# INSTRUCTIONS FOR THE TASK
Begin at the line that holds "Microfinance in India" and copy each line exactly until the data below ends, including that last line but no pictures.

# MATERIAL PROVIDED
=-=-=-=-=

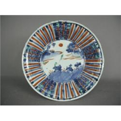 A Chinese 18th century bowl decorated with figures and mules and later green and red enamels, cha...
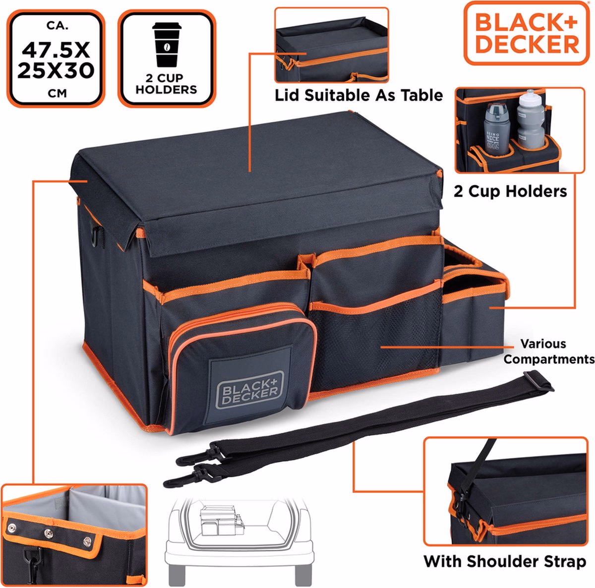 BLACK+DECKER rendszerző - 47,5 x 25 x 30 CM - Hordozható szíjjal - Pohártartókkal - Szürke / Narancs
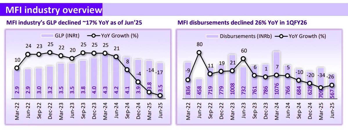 Microfinance in India has this pattern, it runs too hot, then too cold. After the pandemic, lenders went on a spree as money was cheap and demand was high. But maybe too cheap, borrowers took 5-6 loans from different lenders all at once.🧵👇
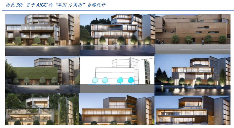 结合产业 Know-how 深度开发,后端设计环节智能化有望逐步打通。我们预计依托 AIGC 类技术,前端创意设计有望率先形成智能化突破:如华建集团已初步将 GPT、Stable Diffusion 等深度算法融入前端房建外观设计。后端初步设计对行业经验依赖度较高,预 计需要基于行业 Know-how 形成的更深入算法模型,存在开发周期,短期看较难实现; 施工图设计相对流程化,但细分领域较多,不同施工区域的智能化需要逐个攻破。长期 看,随着算法模型逐步成熟,AI 有望介入方案构思、初步设计、施工图绘制、三维模型 输出、图纸审查等多个环节,同时依托多模态大模型应用,实现“需求输入”-“AI 设计” -“需求反馈”-“设计更新”的完整闭环,大幅提升设计效率,优化业务模式。

=-=-=-=-=

# RESPONSE
 Microfinance in India has this pattern, it runs too hot, then too cold. After the pandemic, lenders went on a spree as money was cheap and demand was high. But maybe too cheap, borrowers took 5-6 loans from different lenders all at once.🧵👇
 结合产业 Know-how 深度开发,后端设计环节智能化有望逐步打通。我们预计依托 AIGC 类技术,前端创意设计有望率先形成智能化突破:如华建集团已初步将 GPT、Stable Diffusion 等深度算法融入前端房建外观设计。后端初步设计对行业经验依赖度较高,预 计需要基于行业 Know-how 形成的更深入算法模型,存在开发周期,短期看较难实现; 施工图设计相对流程化,但细分领域较多,不同施工区域的智能化需要逐个攻破。长期 看,随着算法模型逐步成熟,AI 有望介入方案构思、初步设计、施工图绘制、三维模型 输出、图纸审查等多个环节,同时依托多模态大模型应用,实现“需求输入”-“AI 设计” -“需求反馈”-“设计更新”的完整闭环,大幅提升设计效率,优化业务模式。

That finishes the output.